To review, the overall process looks like this:

Call webRTC’s getUserMediaStream to retrieve the audio stream, initialize a mediaNode with the stream, connect it to a jsNode, and retrieve the recording data in the jsNode’s process callback. After stopping the recording, This data is converted into 16-bit integer data, and the waV header information is written to generate a memory buffer for the WAV audio file. The buffer is encapsulated into a Blob file and a URL is generated, which can be played locally or uploaded using FormData. This process is not very complicated once you understand it.

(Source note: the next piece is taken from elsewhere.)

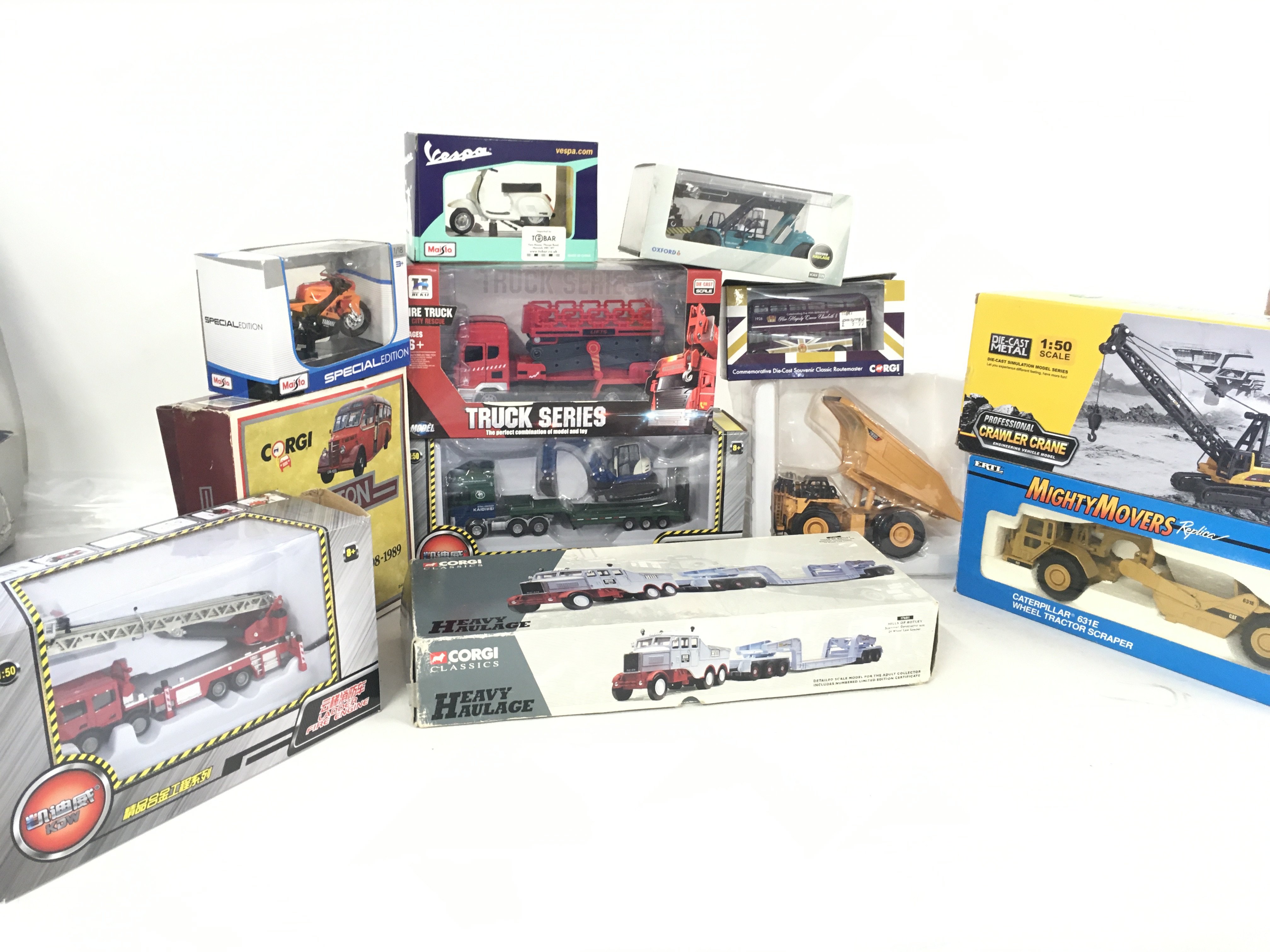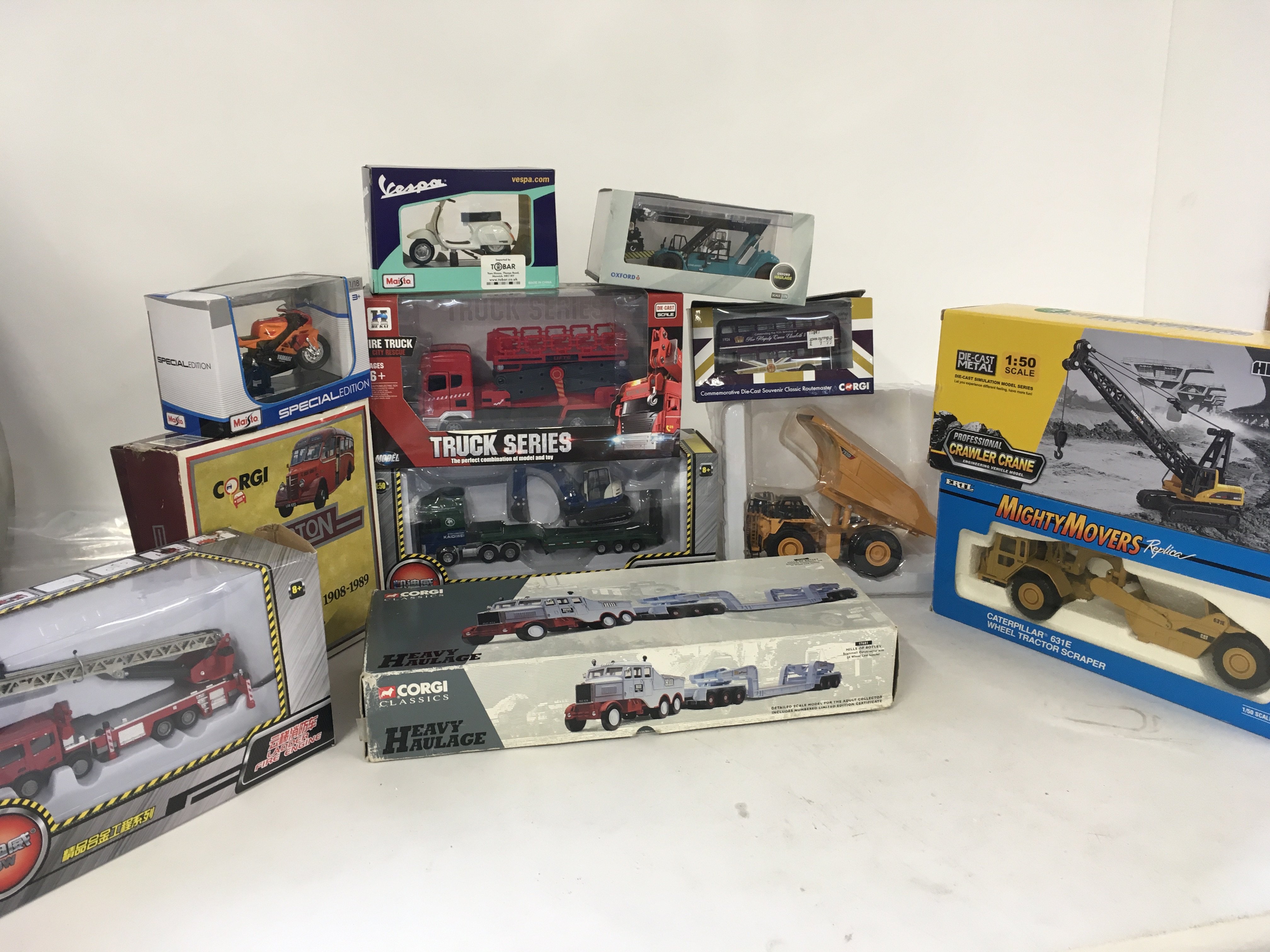 A collection of boxed diecast vehicles by various manufacturers including Corgi..Maidstone..KDW..He-Kai..Hulna etc. comprising construction vehicles..buses and motorcycles.
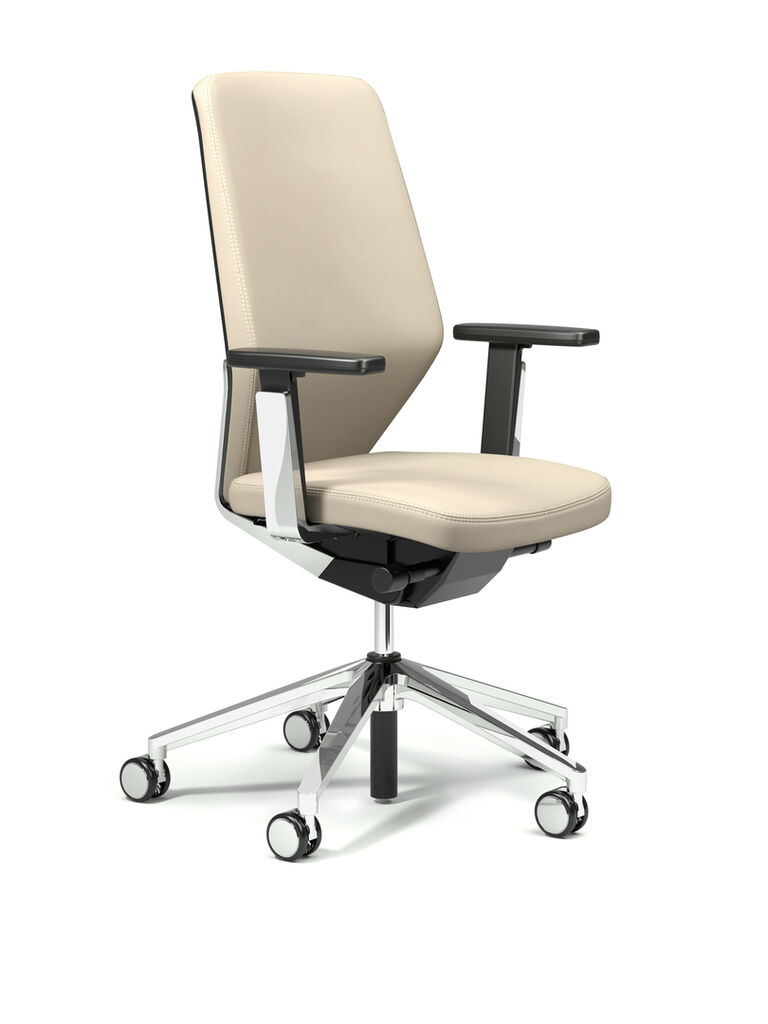 The concept of the swivel chair giroflex 656 integrates three different back heights. The fabric-coated back section is supported by a narrow frame, which statically connects the die-cast aluminium element to its mechanical counterpart. The seat base receives its characteristic appearance through a V-shaped frame, featuring an effect that is both functional and aesthetic. Together with the high and exclusive 5-arm base, these metal parts define the systematic design of the chair and lend it a delicate but also distinctive look. The chair proves flexible through a range of technical elements: the new shiftmove synchronised mechanism, for example, enables an adjustment range of 45 to 120 kg in eight precise steps and is thus easily adapted to most users. The die-cast aluminium armrest supports are tapered to provide a sharply inclined surface for the height-adjustable armrests. The cushion fabric is available in leather and other high-quality fabrics. To cater to the taste of all customers, all aluminium parts are available in both polished and coated variants.

This paper involves the API of WebRTC and AudioContext, focuses on the overall model of AudioContext, and knows that audio data is actually the sound of strong and weak records, storage by multiplied by the maximum 16-bit integer into 16-bit deep representation. Create a BLOB link to the local data using both blob and URl.createObjecturl.

RecordRTC recording library at the end of the use of webworker to merge the left and right sound channel data and generate WAV files, can further improve the efficiency, to avoid the recording file is too large after the processing of stuck.